YOUR GOAL - Look through the listing below and report the lines that have the word "Legionarias" in them.

EXTRACTED DATA -
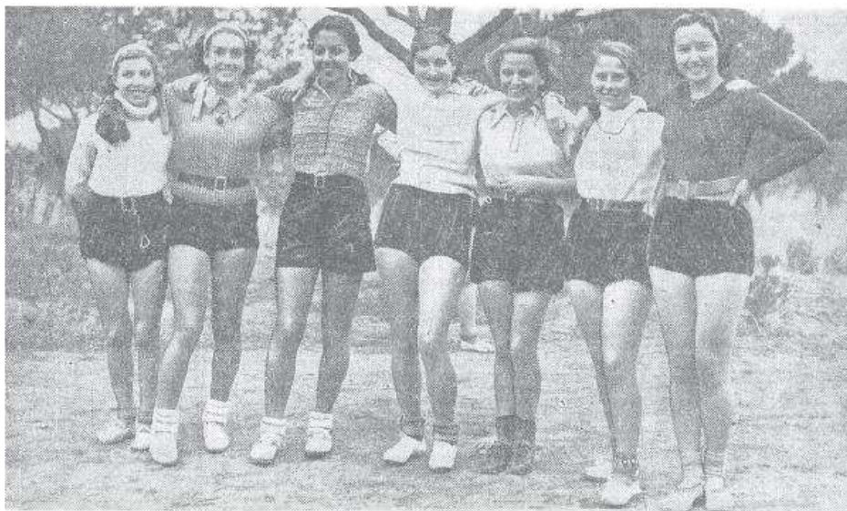
Foto 2: “Las señoritas clasificadas de las diversas pruebas deportivas celebradas por las Legionarias de la Salud durante su campeonato social celebrado en los pinares de Hortaleza.”. La Voz (Madrid), 28 de febrero de 1935, 11.

Entre los individuales, las Legionarias practicaban asiduamente atletismo y, seguramente con mucha menos frecuencia, esquí y tiro con arco.
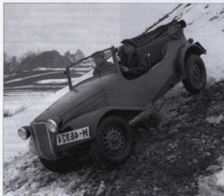
V 750 při předváděcí jízdě v terénu. Z fotografie je patrná úprava přední masky motoru, která měla zvládnout přírodní nájízové úhly
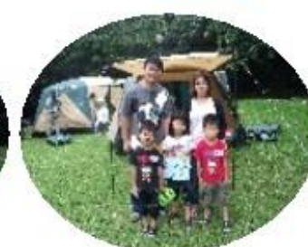
家族の絆より深く
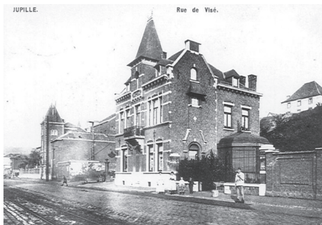
1. Château PIEDBOEUF
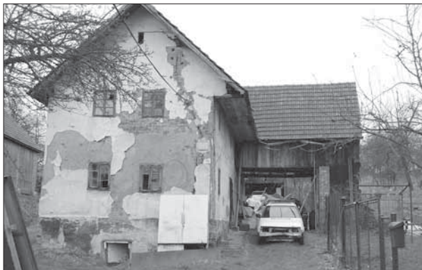
Lipová, patrová, památkově chráněná usedlost čp. 79.
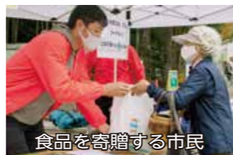
食品を寄贈する市民

以前から取り組んで いる商工会青年部の全 国統一事業「絆感謝運 動」の一環で、協力を 呼びかけるチラシを配 ったほか、15日回から 20日回まで商工会館 と部員が経営する6店 舗でもフードドライブ を実施した。集まった 91.1kgの食料は22 日回NPO法人フード バンク狛江に寄贈し た。
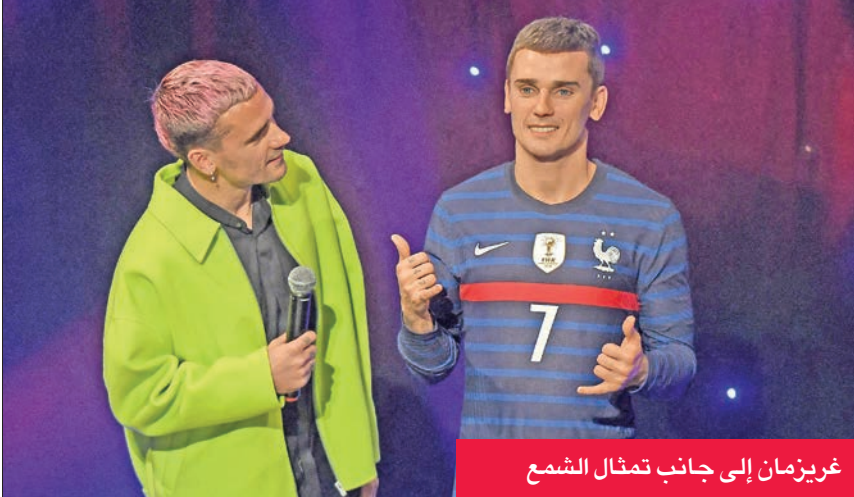
غريزمان إلى جانب تمثال الشمع

أهم المزارات السياحية، حيث يستقبل سنوياً نحو 700 ألف زائر.
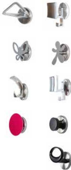
Patères métalliques et colorées
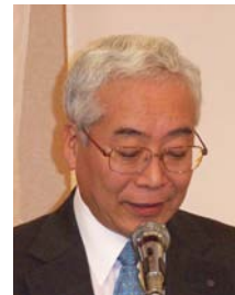
海内20周年記念事業実行副委員長
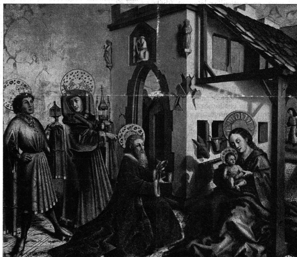
Conrad Witz: « L'Adoration des Mages »

suicide? Et les femmes ne devraient-elles pas avoir compris aussi que cette société qui les fonde dans le même moule, qui les déshabille, les expose, ne les courtise qu'en apparence pour mieux les mépriser, les traiter plus en esclaves qu'en êtres humains?
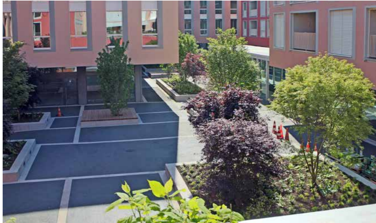
Ineinanderfliessende hofartige Aussenräume
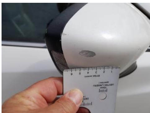
Fot. 31 Lusterko zewnętrzne prawe (Rysa/Odprysk)
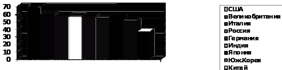
Рис. 1. Приватне споживання, % до ВВП, 2006 р.

Дані рис. 1 свідчать про те, що високий рівень приватного споживання можуть собі дозволити країни (США – 70 %, Великобританія – 61 %, Італія – 58 %, Німеччина – 57 %), які, по-перше, вже досягли високого рівня технологічного та економічного розвитку і подальший їх прогрес припускає повне насичення потреб на даному рівні розвитку до моменту, коли акумуляція знань для чергового технологічного стрибка викличе підвищення норми накопичення в суспільстві. По-друге, необхідно також, щоб рівень урядових витрат по відношенню до ВВП був невисоким. При цьому питома вага державного сектора в економіці повинна бути незначною, а рівень оподаткування — не більше 40 % ВВП. У принципі Україна вже досягла високого рівня приватного споживання без «дотримання» правил провідних країн світу та Європи.
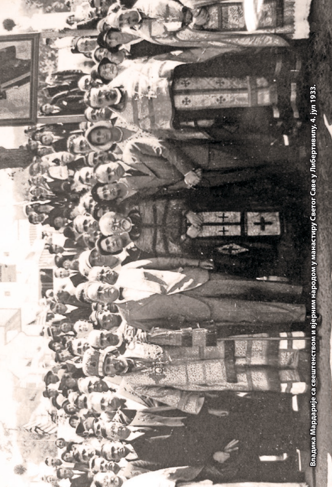
Владика Мардарије са свештенством и вјерним народом у манастиру Светог Саве у Либертивилу, 4. јул 1933.

RESPONSE -
Foto 2: “Las señoritas clasificadas de las diversas pruebas deportivas celebradas por las Legionarias de la Salud durante su campeonato social celebrado en los pinares de Hortaleza.”. La Voz (Madrid), 28 de febrero de 1935, 11.
Entre los individuales, las Legionarias practicaban asiduamente atletismo y, seguramente con mucha menos frecuencia, esquí y tiro con arco.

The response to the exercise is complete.